------ DATA PROVIDED ------

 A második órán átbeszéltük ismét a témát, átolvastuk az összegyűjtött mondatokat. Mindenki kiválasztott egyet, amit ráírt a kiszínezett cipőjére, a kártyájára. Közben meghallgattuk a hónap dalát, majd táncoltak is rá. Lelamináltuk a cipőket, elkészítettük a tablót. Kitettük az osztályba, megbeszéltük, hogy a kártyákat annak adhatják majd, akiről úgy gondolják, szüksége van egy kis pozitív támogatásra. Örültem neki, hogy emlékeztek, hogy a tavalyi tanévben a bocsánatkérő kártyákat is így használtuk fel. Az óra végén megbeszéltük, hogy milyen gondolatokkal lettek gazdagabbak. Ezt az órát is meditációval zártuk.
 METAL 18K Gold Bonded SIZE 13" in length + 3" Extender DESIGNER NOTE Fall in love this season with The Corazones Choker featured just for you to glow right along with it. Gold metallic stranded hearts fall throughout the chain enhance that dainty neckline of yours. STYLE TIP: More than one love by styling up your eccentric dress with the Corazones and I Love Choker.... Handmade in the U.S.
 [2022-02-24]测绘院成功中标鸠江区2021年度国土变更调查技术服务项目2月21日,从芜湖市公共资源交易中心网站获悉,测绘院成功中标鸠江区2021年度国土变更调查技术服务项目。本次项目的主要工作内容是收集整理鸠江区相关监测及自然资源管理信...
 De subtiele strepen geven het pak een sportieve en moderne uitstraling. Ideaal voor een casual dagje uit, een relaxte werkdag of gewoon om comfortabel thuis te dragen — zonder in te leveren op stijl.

------
------ DATA PROVIDED ------

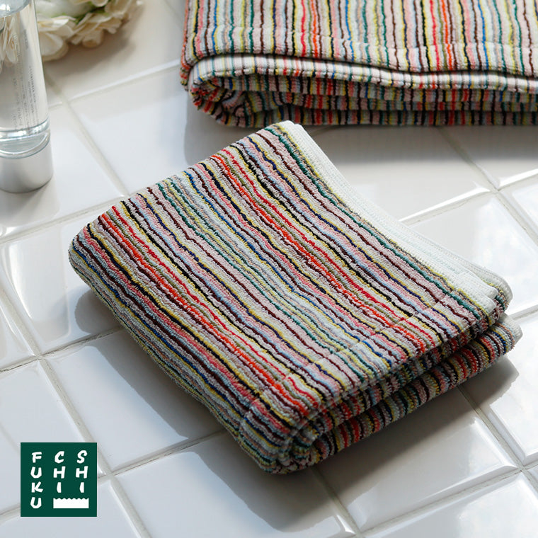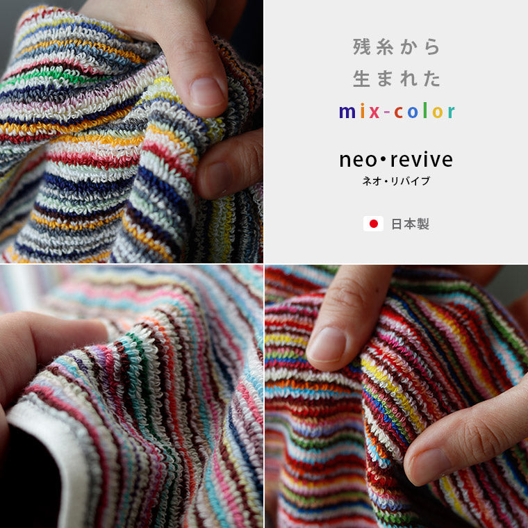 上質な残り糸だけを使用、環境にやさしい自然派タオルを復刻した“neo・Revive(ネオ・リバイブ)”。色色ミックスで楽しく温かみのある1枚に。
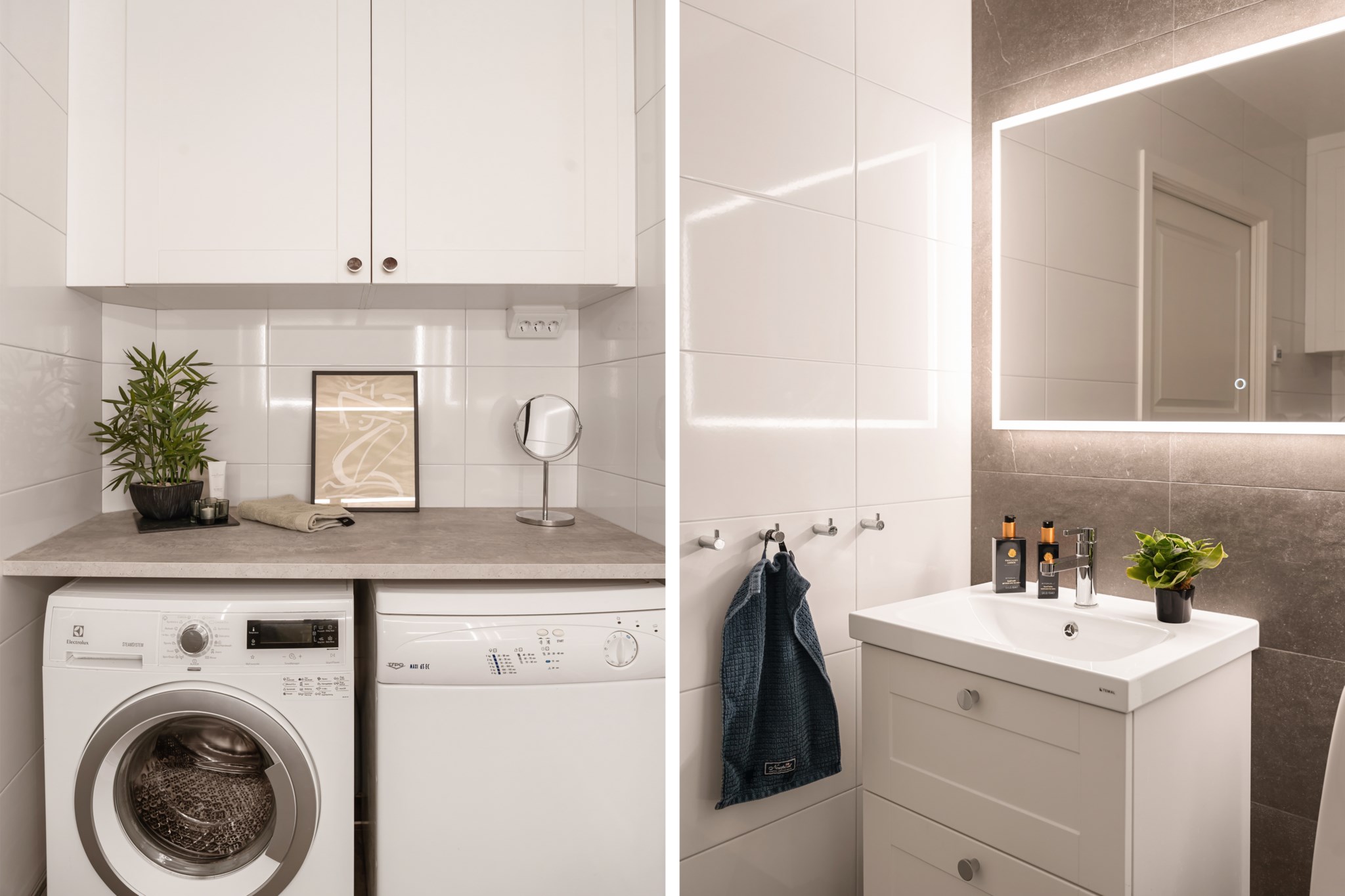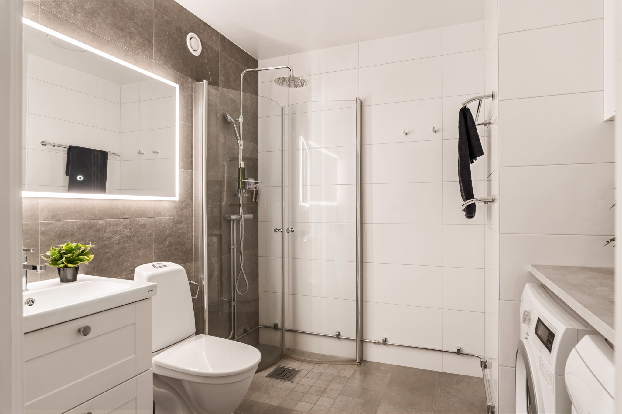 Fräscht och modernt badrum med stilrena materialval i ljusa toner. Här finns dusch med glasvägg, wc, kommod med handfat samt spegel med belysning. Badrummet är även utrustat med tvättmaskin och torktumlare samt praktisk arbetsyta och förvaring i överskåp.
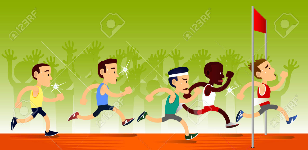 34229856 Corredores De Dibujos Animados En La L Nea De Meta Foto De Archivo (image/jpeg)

------

**EXERCISE INSTRUCTIONS**
Of the entries listed above, reproduce only the lines starting at the line containing "[2022-02-24]测绘" and ending at the line containing "De subtiele strepen". Include both, exactly as they stand.

**ANSWER SECTION**
 [2022-02-24]测绘院成功中标鸠江区2021年度国土变更调查技术服务项目2月21日,从芜湖市公共资源交易中心网站获悉,测绘院成功中标鸠江区2021年度国土变更调查技术服务项目。本次项目的主要工作内容是收集整理鸠江区相关监测及自然资源管理信...
 De subtiele strepen geven het pak een sportieve en moderne uitstraling. Ideaal voor een casual dagje uit, een relaxte werkdag of gewoon om comfortabel thuis te dragen — zonder in te leveren op stijl.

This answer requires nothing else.